Building a matrix using a distribution

Hello!
I have a model where I want to define a matrix and then take its eigenvalues.
In the model I have defined a uniform distribution c. I want to put this in a matrix along with some other values and then take the matrix eigenvalues as mu.
I have tried this and numpy doesnt seem to allow me to do this, does anyone have any pointers?
Thanks in advance.

You can assign values to a tensor with pytensor.tensor.set_subtensor, and compute eigenvalues (and vectors) with pytensor.tensor.linalg.eig.

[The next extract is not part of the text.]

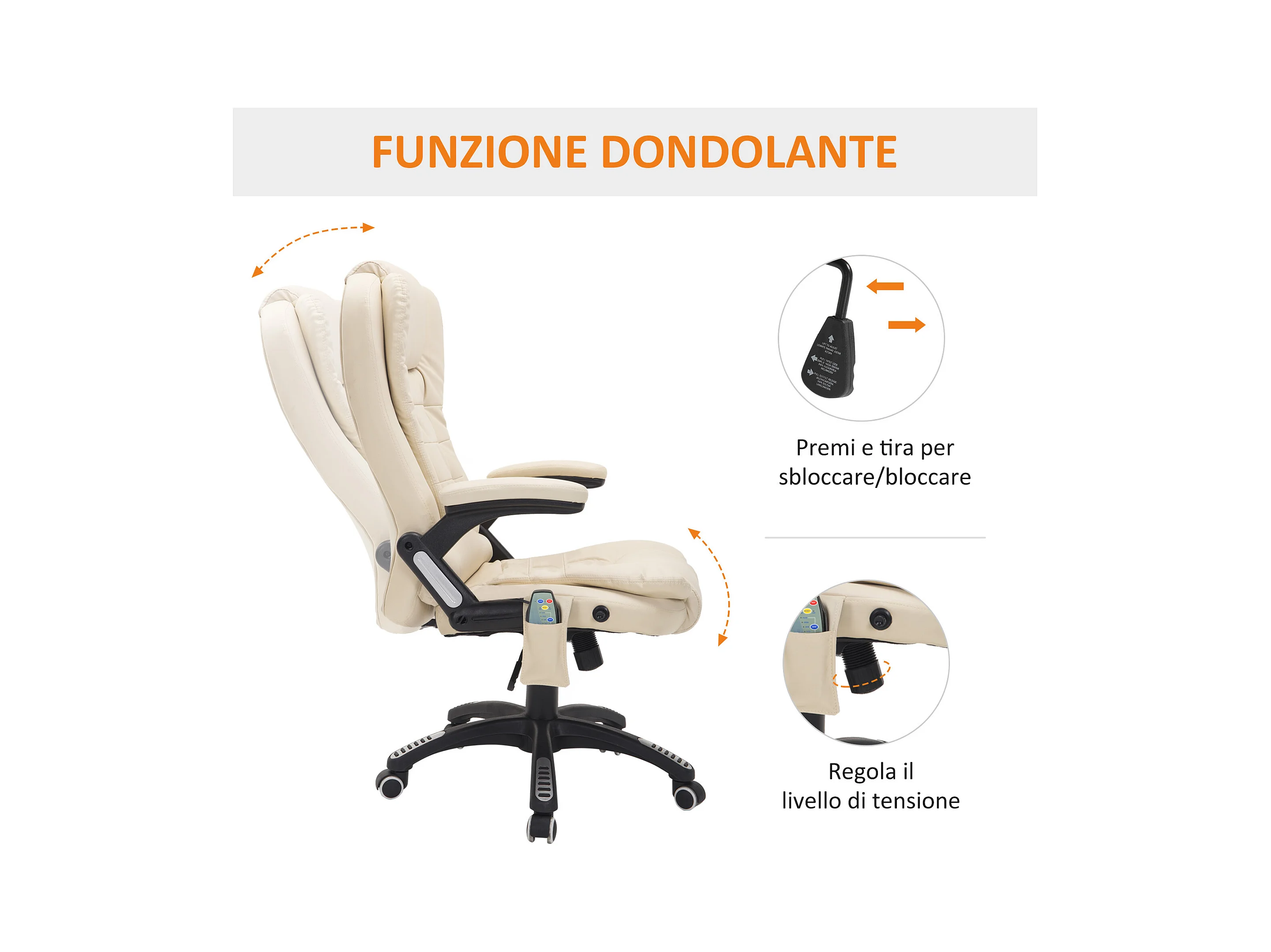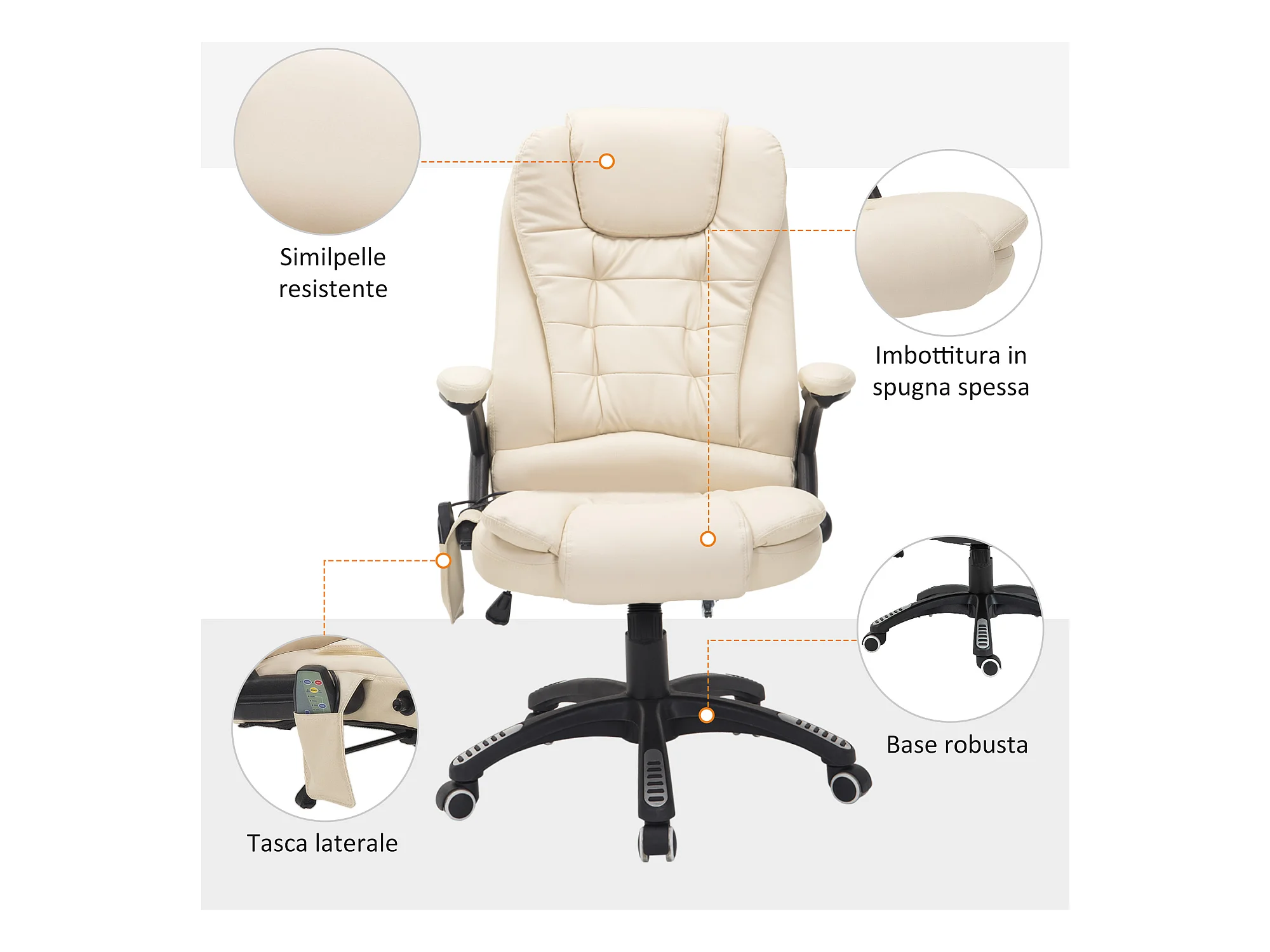 Fauteuil de Bureau massant en simili pelle crema dossier inclinabile 135° alta regolabile 120 kg

For example, the following code sets some values of a 2x2 matrix then computes the eigenvalues:

import pymc as pm
import pytensor.tensor as pt
import numpy as np

with pm.Model():
    a = pm.Uniform('a', lower=0, upper=1, size=(2,))
    b = pm.Normal('b', 0, 1)
    A = pt.zeros((2, 2))
    A = pt.set_subtensor(A[np.diag_indices(2)], a)
    A = pt.set_subtensor(A[1, 0], b)
    
    vecs, vals = pt.linalg.eig(A)

pm.draw([A, vals])

Thank you very much! It works, though my code has to do it many times in a loop, changing the value of A[0,0] to -c and A[1,1] to c, I realised it goes slower and slower the longer the loop goes. Is pt.set_subtensor slow compared to numpy and is there a way to improve it??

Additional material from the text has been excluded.